After ten months of debate, Brazil’s Chamber of Deputies passed President Getulio Vargas’ oil bill last week. If the Senate, as expected, approves it without significant changes. Brazil will join Mexico and Iran as a land of nationalized oil.
Reflecting the extreme nationalism now dominant in the country, the bill sets up the Brazilian Petroleum Corp. (Petrobrás) as a government monopoly operating under the supervision of the National Petroleum Council. Petrobrás will have the sole right to explore, exploit, refine and distribute the country’s oil. The five U.S. and British companies now importing and distributing oil and byproducts may continue to do so. But aside from that, foreigners are out. The government will hold 51% or more of the monopoly’s $500 million stock; no foreigners and no Brazilian married to a foreigner under a joint-property agreement may hold so much as one share in Petrobrás.
Unlike the Mexican and Iranian oil revolutions, the Brazilian measure will involve no major seizure of existing private plants. There is no real oil-processing industry to expropriate. Brazil produces a bare 1.5% of the oil it needs, all from wells already owned by the government. It has only small refineries. When Brazil’s Communists and nationalists shout, “The oil is ours!”, they are shouting almost entirely about oil that is underground. And without the risk capital and know-how of the foreign oil companies, that is where it is likely to remain.

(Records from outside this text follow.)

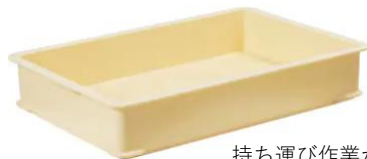
持ち運び作業が楽♪
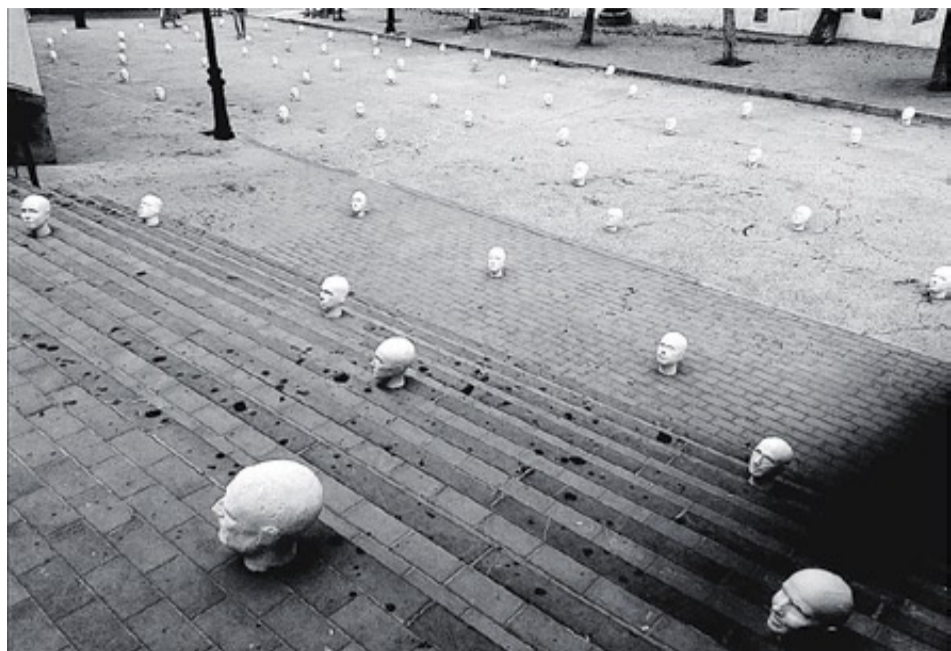
Uan Flores. 'Proyecto cabezas' serà una de les propostes complementàries de la fira.
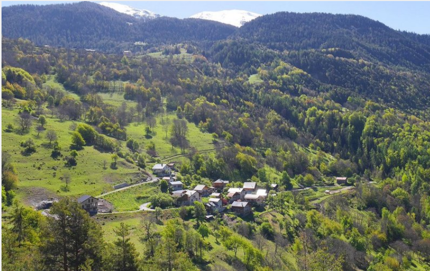
(Cœur de Tarentaise Tourisme)
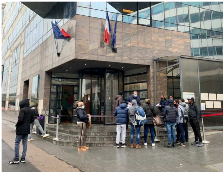
Des demandeurs d'asile devant l'Office français de protection des réfugiés et apatrides (Ofpra), le 5 avril 2022.

Parmi elles, les procédures dites accélérées, les décisions rendues par ordonnance à la CNDA ou le recours au juge unique à la CNDA, qui permettent d'« expédier » certains dossiers jugés trop faibles ou peu convaincants.
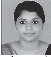
സന്ദേഹാ മത്തായി തേവലക്കര ഹെബ്രോൻ
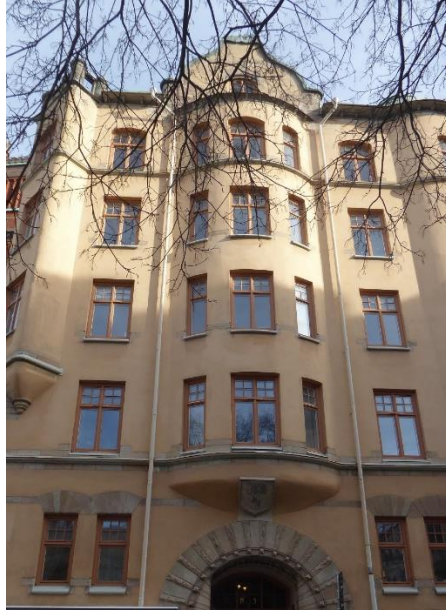
Mosebacke torg 9
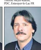
Paul Rechsteiner, SP, St. Gallen SG
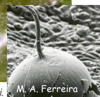
Ovo de P. citri eclodido.
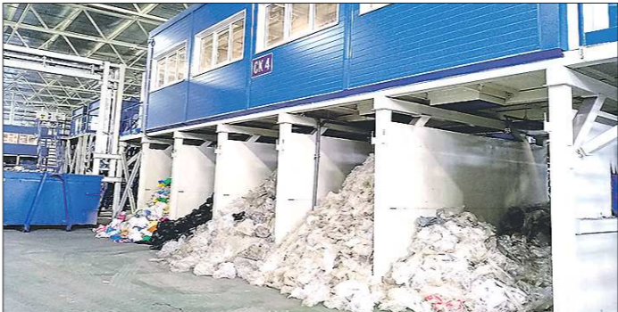
Плёнка – один из самых ходовых товаров. На тюменском заводе её сортируют по качеству и цвету
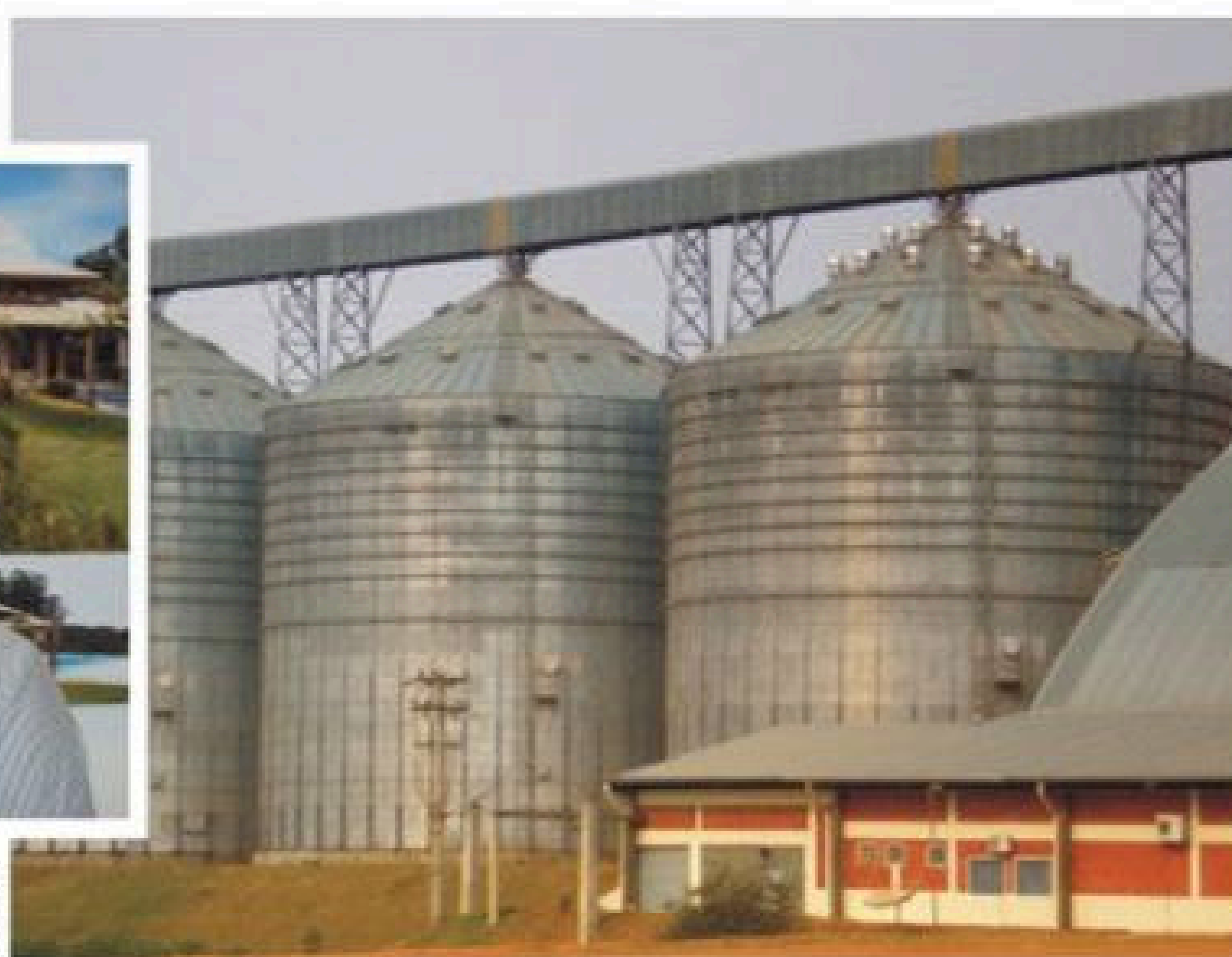
Unidade de Armazenagem | Campo Verde - MT
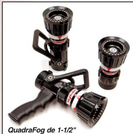
QuadraFog de 1-1/2"
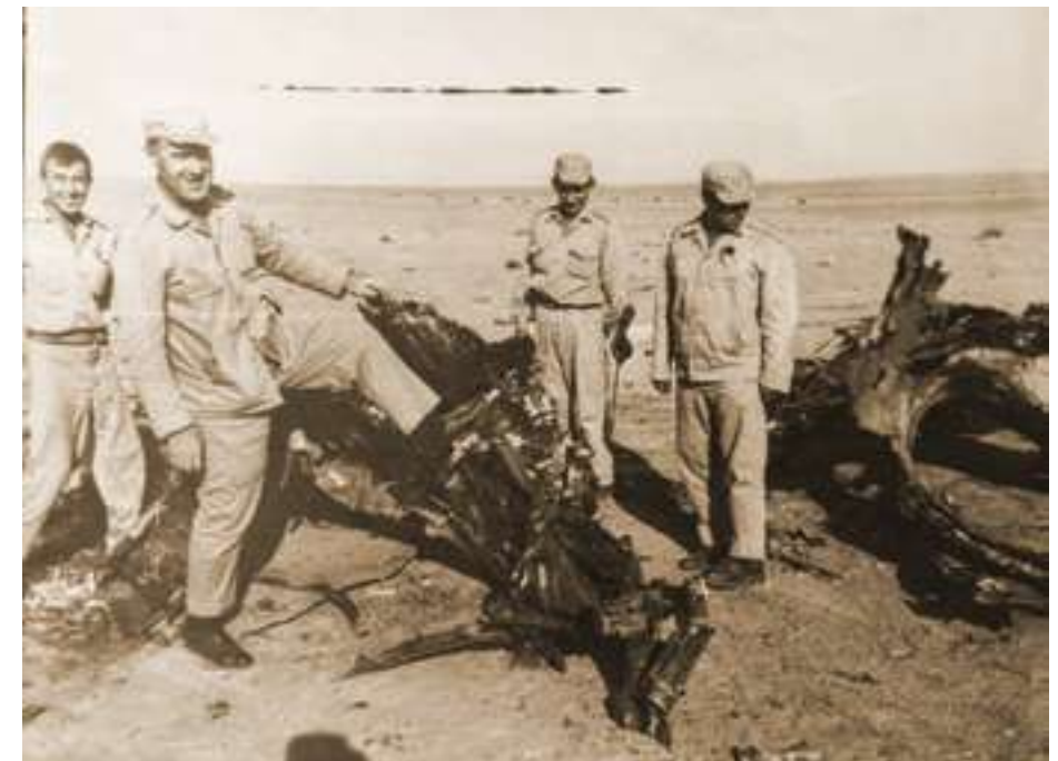
Со сбитым израильским самолетом «Фантом». Каир. 1970-1971 гг.
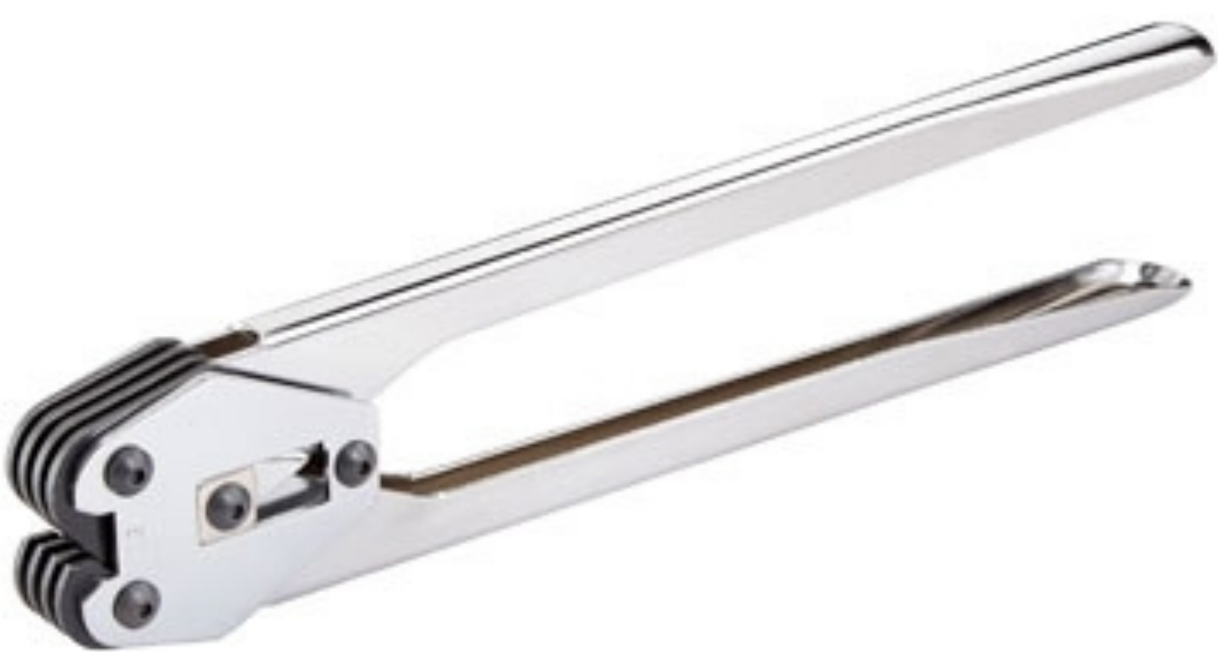
คีมรัดสายรัดพลาสติก ยี่ห้อ TRANSPAK รุ่น H-36
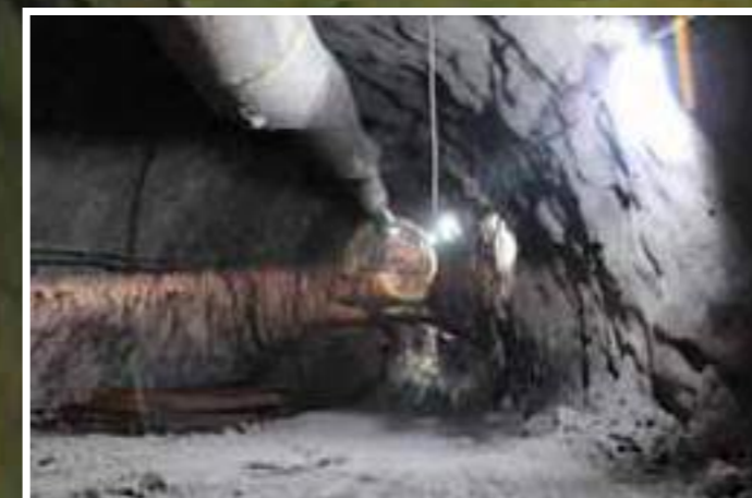
Túnel desviación derecho
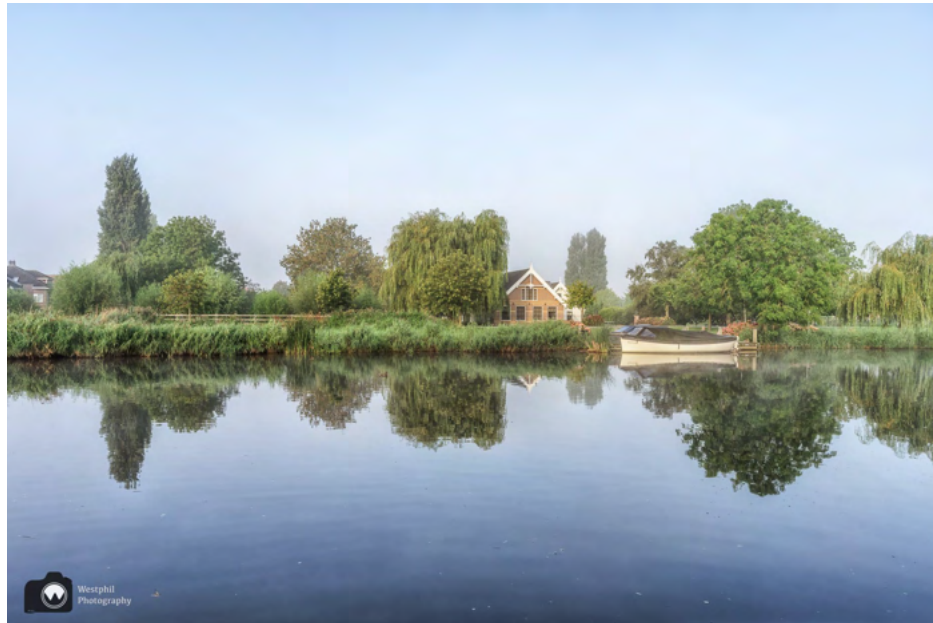
Prachtig huis aan de overkant van de rivier.

Er staat nagenoeg geen wind dus bij elke steiger staan we stil om foto's te maken van de woonboten en huizen die spiegelen in het water. Het is jammer dat er aan de kant van het water geen stoep is. Bij elk doorkijkje lopen we over de weg naar het water. Gelukkig rijden er zo vroeg nog niet veel auto's over de Holendrechteweg.
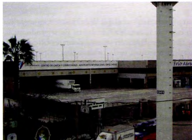
Figura 11. Centro logístico, Centro de carga de Aeropuerto Av. Faucett

proceso productivo), organiza, gestiona y controla dichas operaciones utilizando para ello las infraestructuras físicas, tecnología y sistemas de información, propios o ajenos, independientemente de que preste o no los servicios con medios propios o subcontratados” (Solís, 2013, s.n.)
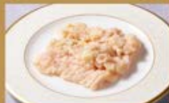
上ミノ Best of Tripe ¥1,280 (税込¥1,408)

お肉に触れた トング・箸・皿 がその他の料理に触れないようにしましょう。 レバーやホルモンは、 中心部まで加熱 してからお召し上がりください。
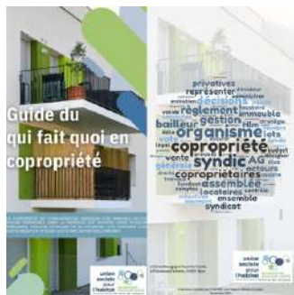
Guide du “qui fait quoi” en copropriété , destiné aux équipes des organismes de BFC.

Ces travaux ont abouti à la création de deux supports pédagogiques sur les responsabilités des organismes en matière de copropriété :
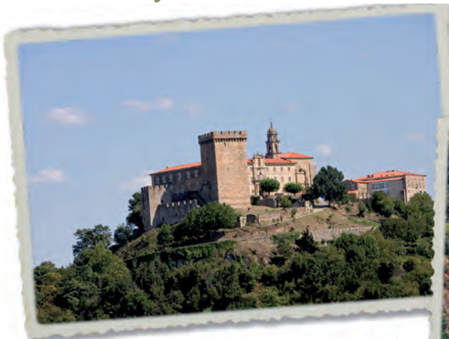
Monforte, Capital da Ribeira Sacra

... o tren que te leva pola beira do Miño
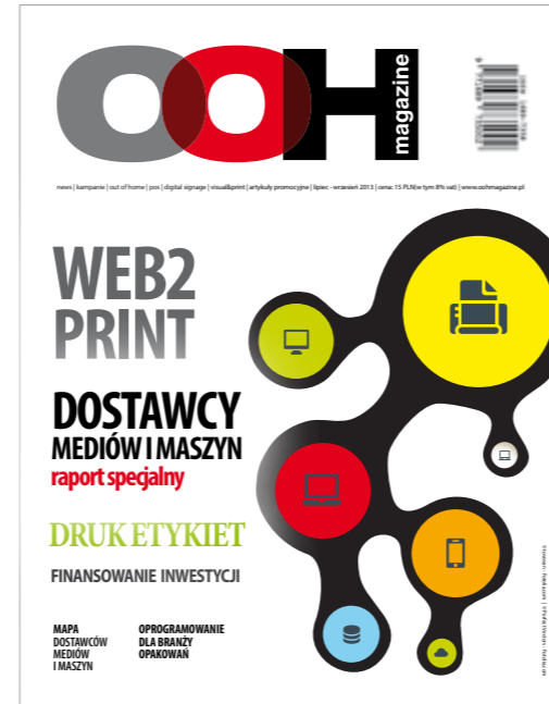
Jedyny na rynku Raport Dostawców Mediów i Maszyn

Under the new plan, Brazilians will not only continue to pay more than $200 million a year of precious foreign currencies for oil products, but will start paying new taxes on the imported oil. Some of the income from the new levies will be used for Petrobrás’ oil explorations. But part will also go for construction of new roads. The most that opponents of the new law would say was that in a few years, after the present emotional tide recedes, a new and workable law can be passed.